START Data for this task
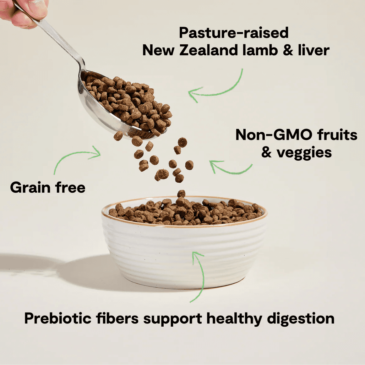 Humanely Raised Lamb, Ocean Whitefish Meal, Herring Meal, Garbanzo Beans (Chickpeas), Red Lentils, Herring Oil (preserved with mixed tocopherols), Coconut Oil (preserved with mixed tocopherols), Green Lentils, Pumpkin, Natural Flavour, Non-GMO Cranberries, Dried Chicory Root Extract, Choline Chloride, Apples, Dandelion Greens, Choline Chloride, Salt, Taurine, Turmeric, Sunflower Oil, Dried Yucca Schidigera Extract, Mixed Tocopherols (a natural preservative), Calcium Carbonate, Zinc Proteinate, Iron Proteinate, Copper Proteinate, Manganese Proteinate, Sodium Selenite, Calcium Iodate, Vitamin E Supplement, Thiamine Mononitrate, Niacin Supplement, D-calcium Pantothenate, Biotin, Vitamin A Acetate, Riboflavin Supplement, Vitamin B12 Supplement, Vitamin D3 Supplement, Folic Acid, Tricalcium Phosphate, Rosemary Extract
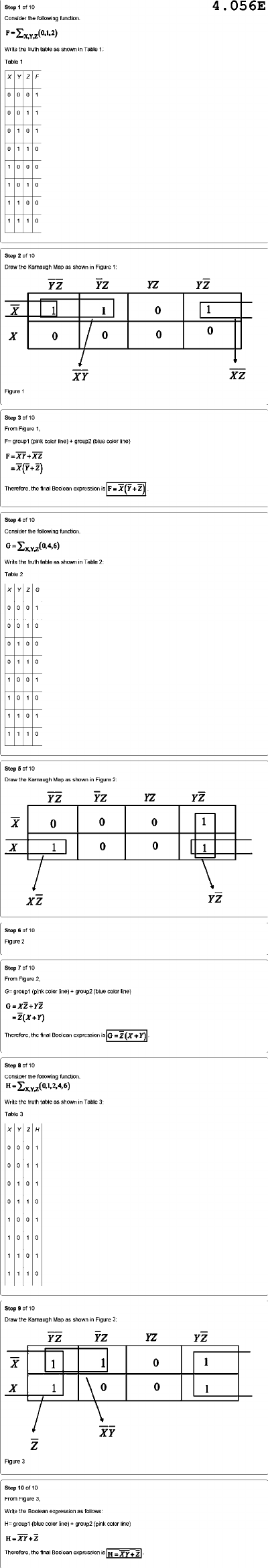 Step 10 4.056E Consider the following function Wr the truth table as shown in Table 1: Table XYZF 0001 001 1 0 0 1 0110 1000 0 1 0 0 1110 Step 10 Draw the Karnaugh Map as shown Figure 1: YZ YZ YZ YZ X 1 1 0 1 / 0 0 0 X 0 XY XZ Figure 1 Step 3 of 10 From Figure F= group1 (pink color line) group2 (blue color line) F=XY+XZ Therefore, the final Boolean expression F=X(Y+Z) Step 10 Consider the following function. the truth table shown Table 2: Table XYZG 0001 0 0 0 0100 0110 1001 1010 1 1 1110 Step 10 Draw the Karnaugh Map as shown 2 YZ YZ YZ YZ X 0 0 0 1 X 1 0 0 1 XZ YZ Step 10 Figure 2 Step 10 From G= group1 (pink color group2 (blue color line) G=XZ+YZ Therefore, the final Boolean expression G=Z(X+Y) Step 10 Consider the following H= Write the truth table as shown in Table 3: XYZH 0 0 0011 0101 0110 1001 1 0 0 1101 1110 Step 10 Draw the Karnaugh Map as Figure YZ YZ YZ YZ X 1 1 0 1 X 1 \ 0 0 1 XY Z Figure Step 10 From Figure 3, Write the Boolean expression as H= group1 (blue color group2 (pink color line) H=XY+Z Therefore, the final Boolean expression H=XY+Z
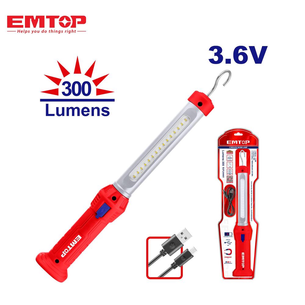 مصباح عمل EMTOP، كشاف لاسلكي LED، مصباح 300 لومن، كشاف ورش وصيانة، مصباح محمول مغناطيسي، مصباح مع خطاف تعليق، LED work light EMTOP، مصباح صيانة سيارات، إضاءة ورشة عمل، كشاف يدوي احترافي.
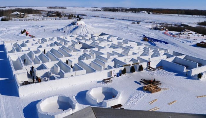 A-maze-ing: a snow labyrinth in the frigid, windswept prairies of Western Canada has broken the record for the world´s biggest.
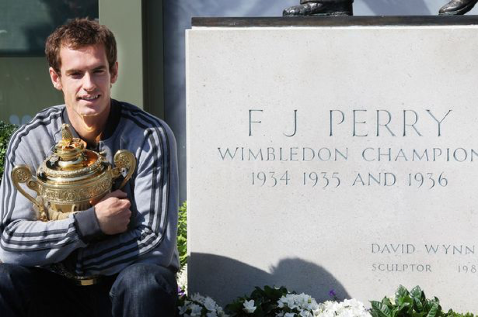 Over time, not only has Perry’s status as a British sporting hero changed, but also the meanings and values associated with his statue. Beyond Perry’s successes, the fervent eulogizing of him partly reflects British post-war decline, both on and off court, and the felt need to accentuate a glorious past. His statue has developed to become a shrine of almost religious significance for British tennis fans and tourists, who take photographs by it in their thousands. Indeed, Andy Murray posed for several after he won Wimbledon in 2013 and became the first British male for seventy-seven years to become singles champion. The back cover of his autobiography, entitled Seventy-Seven: My Road to Wimbledon Glory, shows a photo of him tightly hugging his Wimbledon trophy sat next to the Perry statue. Thus, the strength of Perry’s image and associated traditions – posing for photographs by his statue, mentioning his name in narratives around British tennis talent development (e.g. “finding the next Fred Perry”), and connecting his name with the AELTC and the Wimbledon Championships – has grown over time, as the values and meanings associated with his success during the inter-war “golden age” of tennis have increased in importance. Indeed, the site of him in full-length flannel trousers and plimsolls invokes nostalgia for the “good old days” of amateur tennis and British success: the characters, the rivalries, the “gentlemanly” spirit and the political significance of victories at a time when tennis ranked as a sport of real international significance.
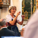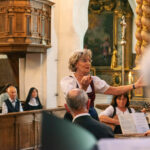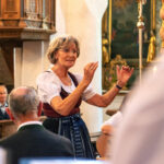 Am Schluss war man sich einig: „Es war ein Musikgenuss der besonderen Art, den die zahlreichen Mitwirkenden geboten haben“. Lob, Preis und Dank war das Motto und unter dieser Überschrift erlebten die Besucher einen bunten Strauß von Barock bis Volksmusik. Unter der bewährten Gesamtleitung von Heide Hauser sangen und spielten der gemischte Chor der Stadtsing- und Musikschule Kolbermoor, der Landfrauenchor Rosenheim, die Chormädlmusi, der Kolbermoorer Mannergsang unter Leitung von Peter Maier und das Bläserensemble Klangblech von Eduard Berger. Regina Berger streifte in ihren verbindenden Worten auf ganz besondere Weise durch die 1200-jährige Geschichte des Klosters Frauenwörth. Ein unglaubliches Gesangsvolumen rauschte durch das ehrwürdige Münster als beim Schlusslied die über 60 Künstlerinnen und Künstler gemeinsam sangen. Zu Beginn hatte die Äbtissin des Klosters, Johanna Maier, OSB bereits darauf hingewiesen, dass der gesamte Benefit dieser Veranstaltung in die Renovierung des Hauses Scholastika fließt und die Vorsitzende des Freundeskreises, Annemarie Biechl, dankte mit herzlichen Worten allen Mitwirkenden für diesen wundervollen „Inselgenuss“.
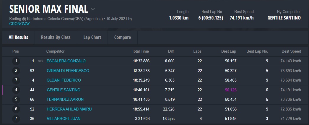La categoría más federal del país vio dos triunfos en Senior Max. El misionero FRANCESCO GRIMALDI se quedó con la qualy, pre final y final de la cuarta fecha disputada el sábado, mientras que el domingo la clasificación del quinto round fue para el puntano Aaron Fernández, Grimaldi ganó la pre final y el tucumano GONZALO ESCALERA se impuso en la carrera que cerró el evento.
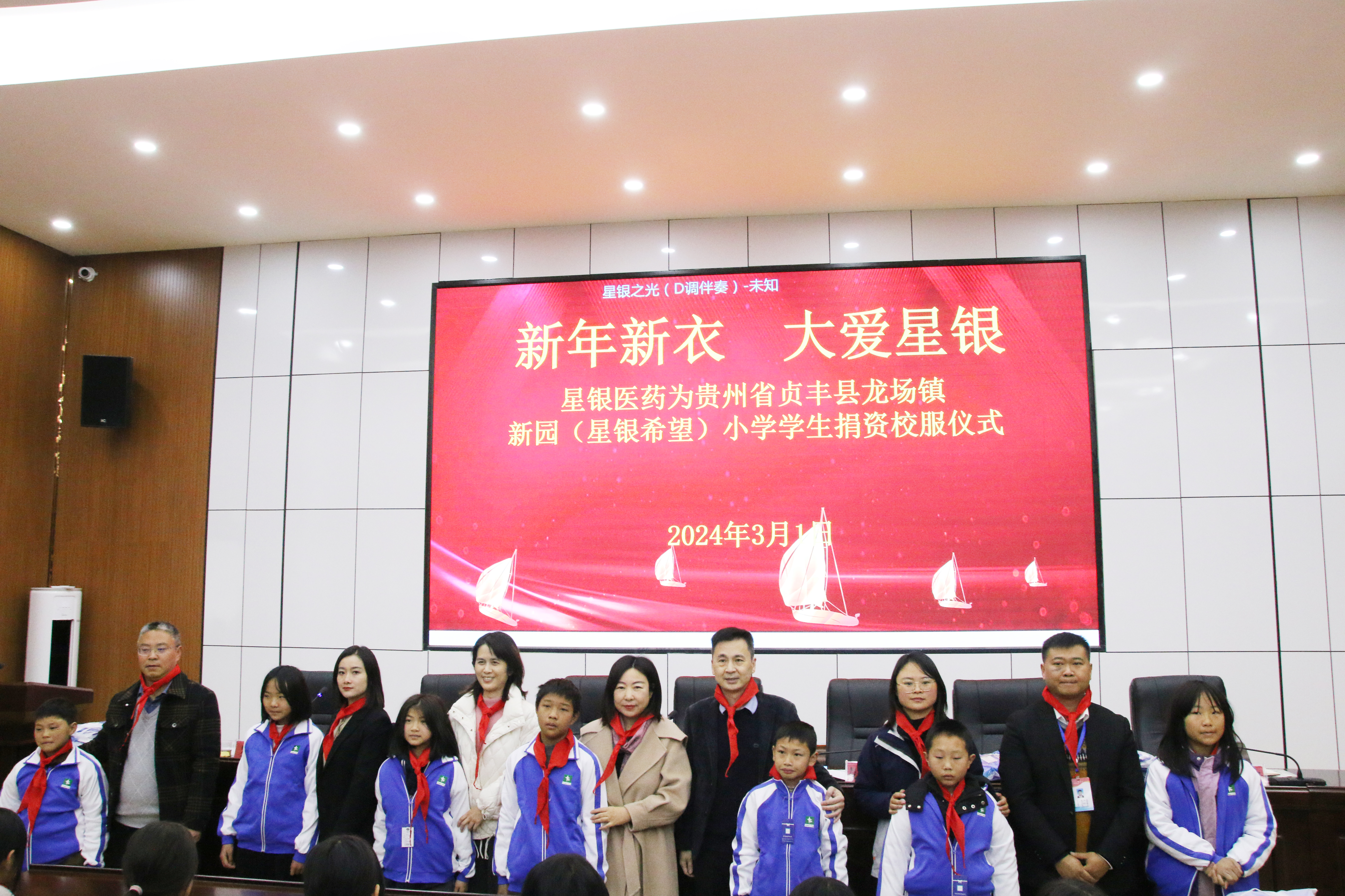 24/06-05春山日暖,萬物萌新。3月1日,新學期開學季,深圳市星銀醫(yī)藥有限公司在貴州省貞豐縣龍場鎮(zhèn)新園(星銀希望)小學舉辦“新年新衣 大愛星銀”校服捐贈儀式。公司領導、星銀醫(yī)藥工會、星銀醫(yī)藥黨支部及貴州辦事處相關人員參加此次愛心捐贈活動,貴州省貞豐縣龍興街道辦領導、新園小學全校師生及媒體記者共同見證這溫暖時刻。
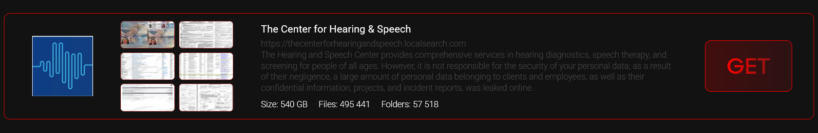 黑客论坛上曝光了美国The Center for Hearing & Speech的完整内部数据,包含客户与员工个人信息、机密文件、项目资料、事件报告、听力诊断记录、言语治疗档案以及筛查报告等高度敏感医疗和运营信息,总计540GB,包含49.5万文件和5.7万文件夹。
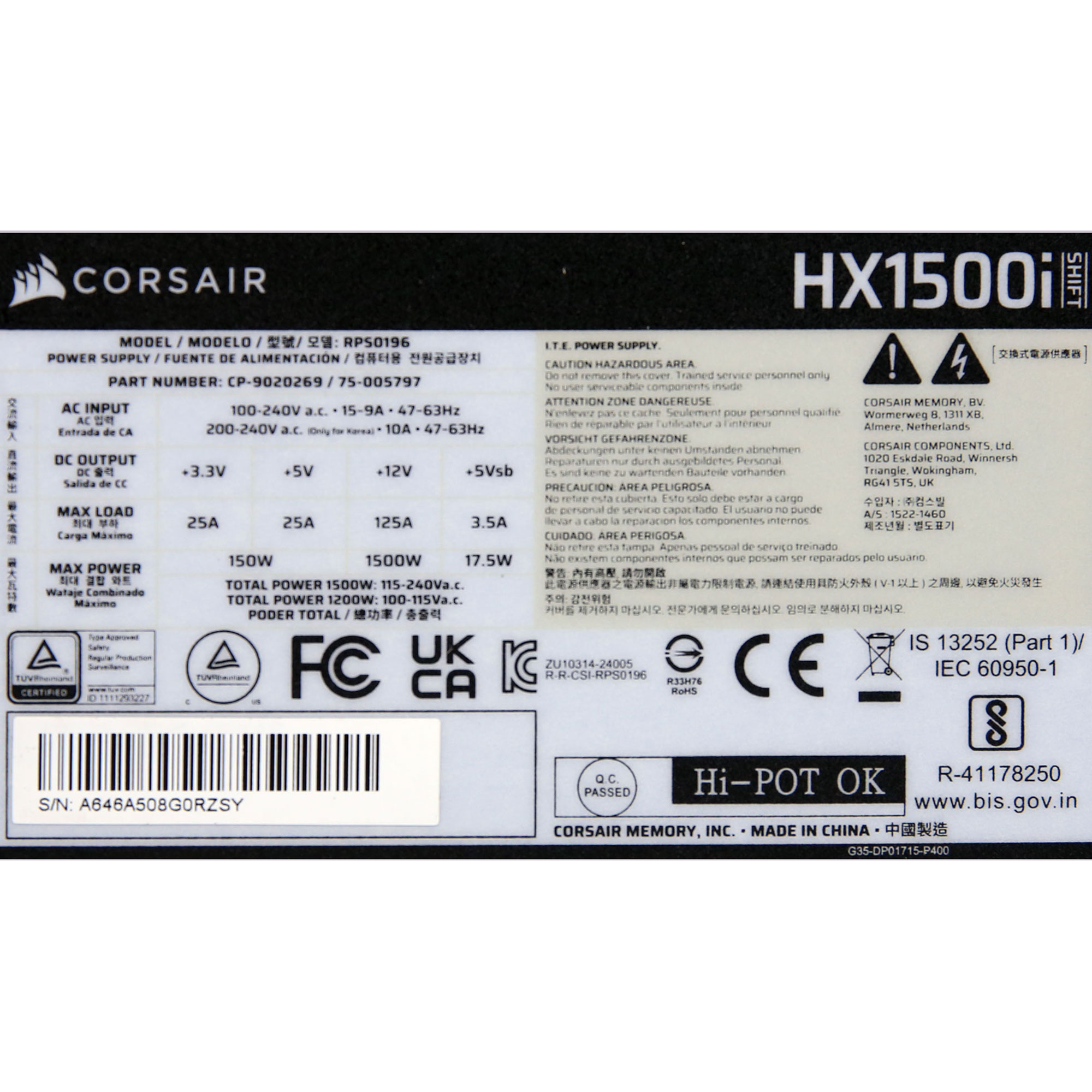 Corsair HX1500i Shift (ATX v3.1)
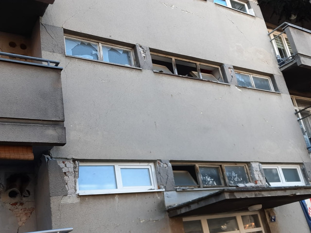 У районі міст Петриня та Сісак в будинках потріскані стіни, пошкоджені фасади, облетіла штукатурка.
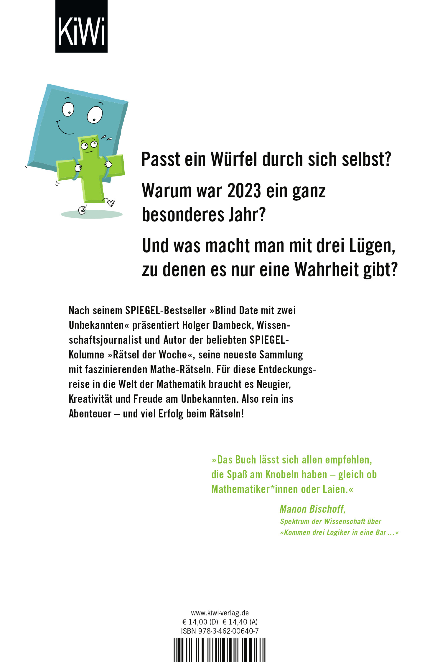 Passt ein Würfel durch sich selbst? Warum ist 2023 ein besonderes Jahr? Und was macht man bei drei Lügen, zu denen es nur eine Wahrheit gibt? In seinem neuen Buch präsentiert der Wissenschaftsjournalist und Mathe-Autor Holger Dambeck 100 neue Rätsel, die zum Denken und Knobeln anregen.
END Data for this task
» What the exercise asks: Wherever a picture appears, omit it; copy the rest of the data exactly.

» Solution to the exercise:
 Humanely Raised Lamb, Ocean Whitefish Meal, Herring Meal, Garbanzo Beans (Chickpeas), Red Lentils, Herring Oil (preserved with mixed tocopherols), Coconut Oil (preserved with mixed tocopherols), Green Lentils, Pumpkin, Natural Flavour, Non-GMO Cranberries, Dried Chicory Root Extract, Choline Chloride, Apples, Dandelion Greens, Choline Chloride, Salt, Taurine, Turmeric, Sunflower Oil, Dried Yucca Schidigera Extract, Mixed Tocopherols (a natural preservative), Calcium Carbonate, Zinc Proteinate, Iron Proteinate, Copper Proteinate, Manganese Proteinate, Sodium Selenite, Calcium Iodate, Vitamin E Supplement, Thiamine Mononitrate, Niacin Supplement, D-calcium Pantothenate, Biotin, Vitamin A Acetate, Riboflavin Supplement, Vitamin B12 Supplement, Vitamin D3 Supplement, Folic Acid, Tricalcium Phosphate, Rosemary Extract
 Step 10 4.056E Consider the following function Wr the truth table as shown in Table 1: Table XYZF 0001 001 1 0 0 1 0110 1000 0 1 0 0 1110 Step 10 Draw the Karnaugh Map as shown Figure 1: YZ YZ YZ YZ X 1 1 0 1 / 0 0 0 X 0 XY XZ Figure 1 Step 3 of 10 From Figure F= group1 (pink color line) group2 (blue color line) F=XY+XZ Therefore, the final Boolean expression F=X(Y+Z) Step 10 Consider the following function. the truth table shown Table 2: Table XYZG 0001 0 0 0 0100 0110 1001 1010 1 1 1110 Step 10 Draw the Karnaugh Map as shown 2 YZ YZ YZ YZ X 0 0 0 1 X 1 0 0 1 XZ YZ Step 10 Figure 2 Step 10 From G= group1 (pink color group2 (blue color line) G=XZ+YZ Therefore, the final Boolean expression G=Z(X+Y) Step 10 Consider the following H= Write the truth table as shown in Table 3: XYZH 0 0 0011 0101 0110 1001 1 0 0 1101 1110 Step 10 Draw the Karnaugh Map as Figure YZ YZ YZ YZ X 1 1 0 1 X 1 \ 0 0 1 XY Z Figure Step 10 From Figure 3, Write the Boolean expression as H= group1 (blue color group2 (pink color line) H=XY+Z Therefore, the final Boolean expression H=XY+Z
 مصباح عمل EMTOP، كشاف لاسلكي LED، مصباح 300 لومن، كشاف ورش وصيانة، مصباح محمول مغناطيسي، مصباح مع خطاف تعليق، LED work light EMTOP، مصباح صيانة سيارات، إضاءة ورشة عمل، كشاف يدوي احترافي.
 A-maze-ing: a snow labyrinth in the frigid, windswept prairies of Western Canada has broken the record for the world´s biggest.
 Over time, not only has Perry’s status as a British sporting hero changed, but also the meanings and values associated with his statue. Beyond Perry’s successes, the fervent eulogizing of him partly reflects British post-war decline, both on and off court, and the felt need to accentuate a glorious past. His statue has developed to become a shrine of almost religious significance for British tennis fans and tourists, who take photographs by it in their thousands. Indeed, Andy Murray posed for several after he won Wimbledon in 2013 and became the first British male for seventy-seven years to become singles champion. The back cover of his autobiography, entitled Seventy-Seven: My Road to Wimbledon Glory, shows a photo of him tightly hugging his Wimbledon trophy sat next to the Perry statue. Thus, the strength of Perry’s image and associated traditions – posing for photographs by his statue, mentioning his name in narratives around British tennis talent development (e.g. “finding the next Fred Perry”), and connecting his name with the AELTC and the Wimbledon Championships – has grown over time, as the values and meanings associated with his success during the inter-war “golden age” of tennis have increased in importance. Indeed, the site of him in full-length flannel trousers and plimsolls invokes nostalgia for the “good old days” of amateur tennis and British success: the characters, the rivalries, the “gentlemanly” spirit and the political significance of victories at a time when tennis ranked as a sport of real international significance.
 Am Schluss war man sich einig: „Es war ein Musikgenuss der besonderen Art, den die zahlreichen Mitwirkenden geboten haben“. Lob, Preis und Dank war das Motto und unter dieser Überschrift erlebten die Besucher einen bunten Strauß von Barock bis Volksmusik. Unter der bewährten Gesamtleitung von Heide Hauser sangen und spielten der gemischte Chor der Stadtsing- und Musikschule Kolbermoor, der Landfrauenchor Rosenheim, die Chormädlmusi, der Kolbermoorer Mannergsang unter Leitung von Peter Maier und das Bläserensemble Klangblech von Eduard Berger. Regina Berger streifte in ihren verbindenden Worten auf ganz besondere Weise durch die 1200-jährige Geschichte des Klosters Frauenwörth. Ein unglaubliches Gesangsvolumen rauschte durch das ehrwürdige Münster als beim Schlusslied die über 60 Künstlerinnen und Künstler gemeinsam sangen. Zu Beginn hatte die Äbtissin des Klosters, Johanna Maier, OSB bereits darauf hingewiesen, dass der gesamte Benefit dieser Veranstaltung in die Renovierung des Hauses Scholastika fließt und die Vorsitzende des Freundeskreises, Annemarie Biechl, dankte mit herzlichen Worten allen Mitwirkenden für diesen wundervollen „Inselgenuss“.
La categoría más federal del país vio dos triunfos en Senior Max. El misionero FRANCESCO GRIMALDI se quedó con la qualy, pre final y final de la cuarta fecha disputada el sábado, mientras que el domingo la clasificación del quinto round fue para el puntano Aaron Fernández, Grimaldi ganó la pre final y el tucumano GONZALO ESCALERA se impuso en la carrera que cerró el evento.
 24/06-05春山日暖,萬物萌新。3月1日,新學期開學季,深圳市星銀醫(yī)藥有限公司在貴州省貞豐縣龍場鎮(zhèn)新園(星銀希望)小學舉辦“新年新衣 大愛星銀”校服捐贈儀式。公司領導、星銀醫(yī)藥工會、星銀醫(yī)藥黨支部及貴州辦事處相關人員參加此次愛心捐贈活動,貴州省貞豐縣龍興街道辦領導、新園小學全校師生及媒體記者共同見證這溫暖時刻。
 黑客论坛上曝光了美国The Center for Hearing & Speech的完整内部数据,包含客户与员工个人信息、机密文件、项目资料、事件报告、听力诊断记录、言语治疗档案以及筛查报告等高度敏感医疗和运营信息,总计540GB,包含49.5万文件和5.7万文件夹。
 Corsair HX1500i Shift (ATX v3.1)
 У районі міст Петриня та Сісак в будинках потріскані стіни, пошкоджені фасади, облетіла штукатурка.
 Passt ein Würfel durch sich selbst? Warum ist 2023 ein besonderes Jahr? Und was macht man bei drei Lügen, zu denen es nur eine Wahrheit gibt? In seinem neuen Buch präsentiert der Wissenschaftsjournalist und Mathe-Autor Holger Dambeck 100 neue Rätsel, die zum Denken und Knobeln anregen.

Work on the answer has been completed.